Three years after founding their joint construction company, Moritz Ziller and his brother Gustav Ziller set up a company headquarters in Lößnitz in 1870. On a stately corner piece of land on Hoflößnitzstraße, they converted a basic building from 1848 by their father Christian Gottlieb Ziller into a villa as a residential building. The building is listed in the Dehio as a fine example of Swiss style. The outbuildings accommodated the space for the design office, the company management and the archive.

In 1896 the “business premises” received a telephone connection to the company's own sawmill in Lößnitzgrund , the dairy .

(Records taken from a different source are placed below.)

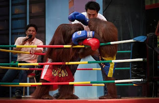 Di Taman Safari Thailand, ada satu pertunjukan yang mendapat perhatian banyakwisatawan Tinju Orangutan. Kerumunan wisatawan dan penggemar olahraga dari SafariWorld berkumpul untuk melihat melawan seekor orangutan yang menjalankan 30 menit.Dua orangutan dilatih untuk mengalahkan satu sama lain untuk menghibur parapengunjung.
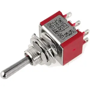 IC Switches IC4201T1B1M1QE - Interruptor de alavanca miniatura 3 posições estáveis - ON-OFF-ON - 125VAC 5A (12 pinos) - vermelho
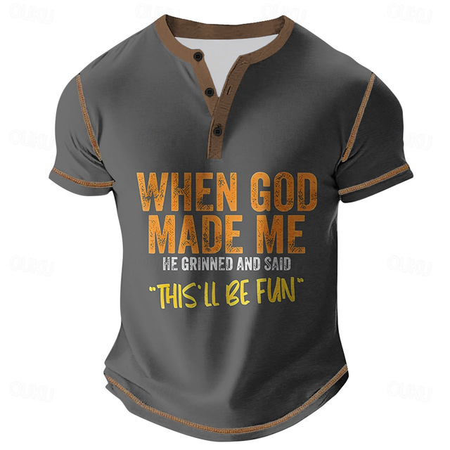 性別: 男性用, デザインの特長: グラフィック柄, スタイル: カジュアル, ネックライン: ヘンリー, 袖丈: 半袖, 厚さ: レギュラー, トップス丈: レギュラートップス, パターン: 文字, シーズン: , オールシーズン,
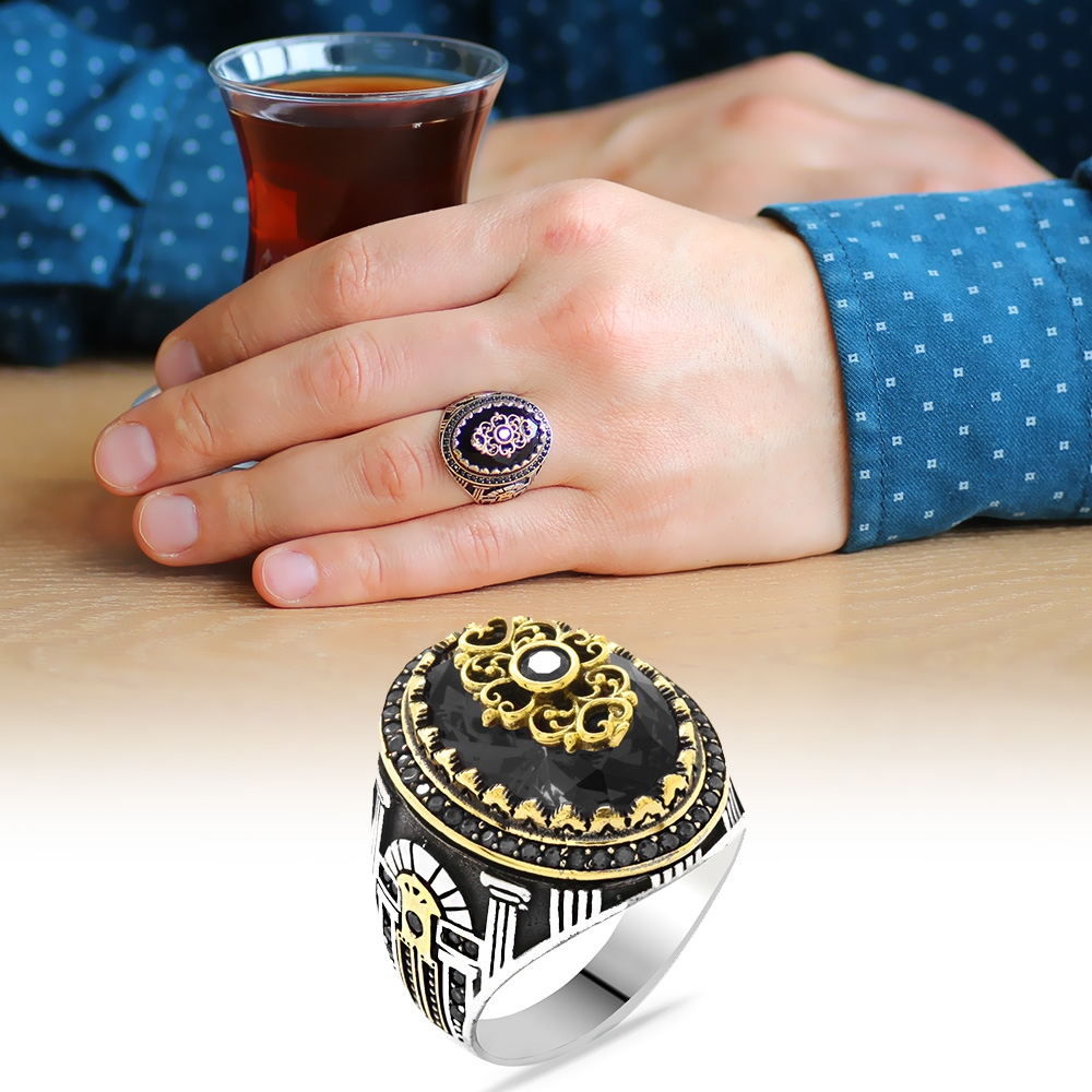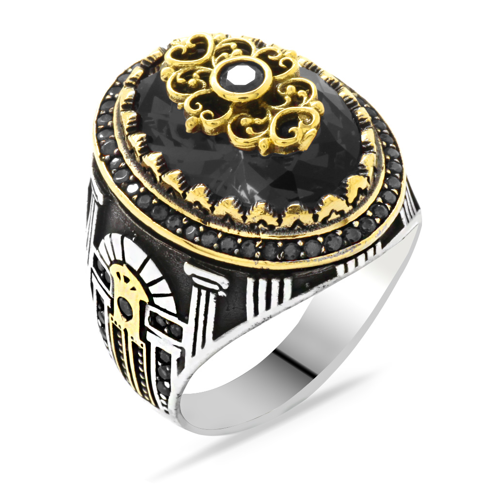 Sur Kapısı Temalı Faset Kesim Siyah Zirkon Taşlı 925 Ayar Gümüş Erkek Yüzük

Moritz Ziller died in 1895. The successful building contractor bequeathed his share of the joint company assets to his brother Gustav, who received the young widow Elli Bertha Wilhelmine, nee. Kannenberg (* 1869) had to look after her little daughter Hanna until she later remarried. The house remained the business premises of the construction company "Gebrüder Ziller" . After brother Gustav's death, his widow Marie ran the business, supported by the long-standing architect Max Steinmetz as technical manager. After Marie Ziller's death in 1910 and Max Steinmetz's death in 1911, the local builder Alwin Höhne took over the company. In 1915 the house belonged to the daughter of Moritz Ziller, Hanna Ziller, who had since moved to Danzig. Höhne lived in the ground floor as a single tenant, from where he also ran the company. The two upper floors were rented. Höhne moved into his own house in 1926 ( Haus Höhne im Bergblick 2).

literature

Web links

Commons : Villa Moritz Ziller  - Collection of Images

Individual evidence

  1. ^ Large district town of Radebeul (ed.): Directory of the cultural monuments of the town of Radebeul . Radebeul May 24, 2012, p. 7th f . (Last list of monuments published by the city of Radebeul. The Lower Monument Protection Authority, which has been located in the Meißen district since 2012, has not yet published a list of monuments for Radebeul.).
  2. Volker Helas (arrangement): City of Radebeul . Ed .: State Office for Monument Preservation Saxony, Large District Town Radebeul (=  Monument Topography Federal Republic of Germany . Monuments in Saxony ). SAX-Verlag, Beucha 2007, ISBN 978-3-86729-004-3 , p. 63 .
  3. ^ "Providentiae memor" is the motto of the Saxon crown. It is on the coat of arms of the Kingdom of Saxony as well as on the house order of the diamond crown (explanation there).
  4. according to the catalog raisonné of the Ziller brothers in the Radebeul city archive.
  5. Barbara Bechter, Wiebke Fastenrath u. a. (Ed.): Handbook of German Art Monuments , Saxony I, Dresden District . Deutscher Kunstverlag, Munich 1996, ISBN 3-422-03043-3 , p. 730-739 .
  6. ^ Address book Dresden with suburbs 1915, pp. 431, 444 (Arndtstrasse 8).